When Henry Chaffey settled in the West Nelson ranges, he first lived in a disused hut at Arthur Creek. Annie Fox joined him there in 1913. Around 1915 the couple moved to another disused hut, later known as Asbestos Cottage. The cottage was built in the late 1890s by a company prospecting nearby asbestos deposits.

The couple lived in the remote cottage for some 36 years. They married on 5 April 1932 following the death of Annie's husband. A Presbyterian minister rode to the cottage to conduct the ceremony. Annie left the cottage only once, for hospital treatment, but Henry regularly visited the outside world and was an avid correspondent. He travelled by foot to Motueka and Upper Tākaka for supplies and to transport out prospected gold and asbestos. These journeys required him to carry heavy loads, and were made much easier after the road to the Cobb Power Station was completed in the late 1930s. Chaffey began keeping records of rainfall and water levels in the Cobb river from 1923, and these records proved invaluable in the planning of the Cobb Dam.

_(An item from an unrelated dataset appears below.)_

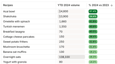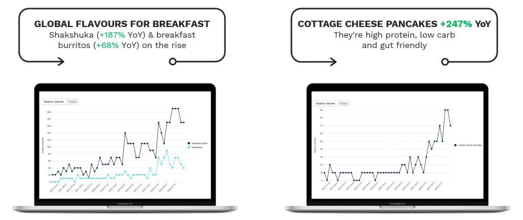 Searches for protein-rich breakfasts are up +58%, reflecting growing demand for functional morning meals...

The Chaffey's received regular visitors in their remote cottage, and took pride in providing them with food and drink. They were protective of their privacy and placed signs near Asbestos Cottage asking visitors to call out when approaching. This gave them the opportunity to change into their best clothes to receive visitors.

Henry Chaffey died in the mountains on 19 August 1951, aged 83. Asbestos Cottage was subsequently repaired and preserved by the New Zealand Forest Service and Department of Conservation.